The study highlights significant variability in hospital-level strategies for treating CLTI despite both endovascular and surgical options being widely available. What do you think drives this variation in practice and how might it impact patient outcomes?
I think how the vascular community is set up in this country is that each region and even each local city or rural community has a different point person for vascular care. We know that up to two-thirds of counties in the US don't have a practicing vascular surgeon right now, and there are still a lot of gaps in overall vascular providers, irrespective of the specialty. So, I think there are some areas where you have one provider, whether it happens to be the vascular surgeon or an interventional or endovascular provider, and that drives how practices are done, maybe a little bit more on the endovascular side with the endovascular operator, more on the surgical side with the surgical operator. But one thing that we really wanted to focus on in this study was what happens at hospitals where you have both? We looked only at hospitals that were able to offer surgical intervention and also provided endovascular therapies. And we saw there are a lot of differences. There are a lot of surgeries done at centers that have high surgical volumes. There are a lot of endovascular centers that have high endo volumes, as expected. So, how do those drive outcomes for CLTI patients was the real question.

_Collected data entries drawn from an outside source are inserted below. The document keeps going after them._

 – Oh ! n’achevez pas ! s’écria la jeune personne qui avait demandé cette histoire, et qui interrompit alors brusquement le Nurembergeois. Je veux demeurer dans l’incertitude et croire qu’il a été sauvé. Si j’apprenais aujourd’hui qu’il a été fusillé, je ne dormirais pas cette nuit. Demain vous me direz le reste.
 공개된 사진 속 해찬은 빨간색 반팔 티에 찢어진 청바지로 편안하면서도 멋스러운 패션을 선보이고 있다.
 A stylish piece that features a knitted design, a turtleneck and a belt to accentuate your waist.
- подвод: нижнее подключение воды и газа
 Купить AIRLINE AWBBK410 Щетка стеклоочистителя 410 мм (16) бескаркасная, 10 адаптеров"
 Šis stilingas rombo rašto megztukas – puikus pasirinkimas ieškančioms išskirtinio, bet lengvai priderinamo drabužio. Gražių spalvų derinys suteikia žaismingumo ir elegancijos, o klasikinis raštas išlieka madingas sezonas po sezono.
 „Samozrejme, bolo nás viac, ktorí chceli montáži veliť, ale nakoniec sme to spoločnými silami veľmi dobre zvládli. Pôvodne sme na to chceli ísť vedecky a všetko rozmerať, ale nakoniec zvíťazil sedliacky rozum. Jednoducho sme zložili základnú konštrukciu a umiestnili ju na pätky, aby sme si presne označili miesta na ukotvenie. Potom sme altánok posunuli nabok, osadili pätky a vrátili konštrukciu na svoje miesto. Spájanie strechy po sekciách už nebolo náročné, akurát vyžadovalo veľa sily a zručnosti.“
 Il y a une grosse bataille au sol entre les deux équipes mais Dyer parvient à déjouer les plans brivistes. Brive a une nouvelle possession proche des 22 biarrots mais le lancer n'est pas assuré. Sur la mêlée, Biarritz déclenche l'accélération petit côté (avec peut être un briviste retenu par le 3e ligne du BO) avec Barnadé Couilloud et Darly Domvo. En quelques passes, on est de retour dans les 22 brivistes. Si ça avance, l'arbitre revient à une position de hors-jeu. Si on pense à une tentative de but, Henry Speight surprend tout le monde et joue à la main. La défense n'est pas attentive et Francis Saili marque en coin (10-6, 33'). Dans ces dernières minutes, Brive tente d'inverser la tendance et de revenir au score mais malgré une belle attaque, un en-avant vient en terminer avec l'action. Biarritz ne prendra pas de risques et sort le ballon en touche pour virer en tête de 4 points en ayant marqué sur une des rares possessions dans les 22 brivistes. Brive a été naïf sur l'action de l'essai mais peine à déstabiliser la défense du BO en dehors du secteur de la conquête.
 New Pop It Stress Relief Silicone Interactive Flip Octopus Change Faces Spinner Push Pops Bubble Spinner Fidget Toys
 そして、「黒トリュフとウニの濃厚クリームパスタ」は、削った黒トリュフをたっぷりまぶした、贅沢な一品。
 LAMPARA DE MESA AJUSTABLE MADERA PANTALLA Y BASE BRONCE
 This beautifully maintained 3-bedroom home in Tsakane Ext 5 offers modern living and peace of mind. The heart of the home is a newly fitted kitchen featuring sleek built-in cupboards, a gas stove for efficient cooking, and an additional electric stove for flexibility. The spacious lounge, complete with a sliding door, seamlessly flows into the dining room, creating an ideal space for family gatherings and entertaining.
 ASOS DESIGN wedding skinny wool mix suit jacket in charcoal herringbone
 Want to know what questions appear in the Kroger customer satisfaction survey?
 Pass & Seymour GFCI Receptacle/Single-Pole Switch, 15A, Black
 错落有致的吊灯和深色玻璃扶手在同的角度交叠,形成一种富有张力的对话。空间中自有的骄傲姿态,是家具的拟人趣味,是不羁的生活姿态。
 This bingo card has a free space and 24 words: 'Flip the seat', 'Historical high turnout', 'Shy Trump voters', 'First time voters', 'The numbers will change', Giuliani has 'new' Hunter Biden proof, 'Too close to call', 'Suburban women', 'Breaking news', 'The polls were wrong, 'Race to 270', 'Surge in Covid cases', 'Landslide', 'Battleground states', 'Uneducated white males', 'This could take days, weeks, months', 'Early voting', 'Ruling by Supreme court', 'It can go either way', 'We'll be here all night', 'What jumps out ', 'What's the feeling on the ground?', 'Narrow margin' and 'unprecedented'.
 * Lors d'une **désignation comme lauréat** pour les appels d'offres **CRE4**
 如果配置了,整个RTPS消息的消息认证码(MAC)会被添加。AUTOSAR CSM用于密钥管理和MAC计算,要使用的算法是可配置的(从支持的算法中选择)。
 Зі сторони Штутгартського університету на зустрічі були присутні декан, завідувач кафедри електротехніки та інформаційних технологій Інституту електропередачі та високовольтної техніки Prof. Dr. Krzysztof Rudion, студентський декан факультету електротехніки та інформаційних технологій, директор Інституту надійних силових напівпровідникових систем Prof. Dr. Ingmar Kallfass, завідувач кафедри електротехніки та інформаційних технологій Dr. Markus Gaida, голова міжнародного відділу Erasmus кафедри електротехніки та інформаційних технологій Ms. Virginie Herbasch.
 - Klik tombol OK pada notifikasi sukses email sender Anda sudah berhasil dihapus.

At hospitals that leaned more heavily on endovascular treatment, patients seemed to do better in terms of avoiding major amputation. But they also had more repeat procedures. How should clinicians balance these tradeoffs when making decisions about the initial revascularization strategy for patients with CLTI?
How you look at repeat revascularization depends on the individual. On the one hand, what we learned from BEST-CLI is that you experience much more durable results among patients who received surgical bypass with a venous conduit. But that doesn’t necessarily mean the endo failed in the true sense of what an endo program is. Sometimes we do endo and we treat as much as we can, and we know that we are going to see how the patient does. They might have to come back for a touch-up, they might have to come back for another intervention, and that is part of this strategy here. When you can do these procedures safely, and in our practice almost all our patients go home the same day, patients might say, "You know what, I would be more interested in an endovascular procedure, no surgery, no hospitalization, even if I had to come back for another procedure as part of it,” they might be more interested in that than an open surgical procedure with anesthesia and a surgical wound and maybe a rehabilitation stay. Interestingly, in BEST-CLI, despite patients having fewer repeat interventions in the surgical arm, the quality-of-life measures were similar between surgical and endovascular strategy at 1 year.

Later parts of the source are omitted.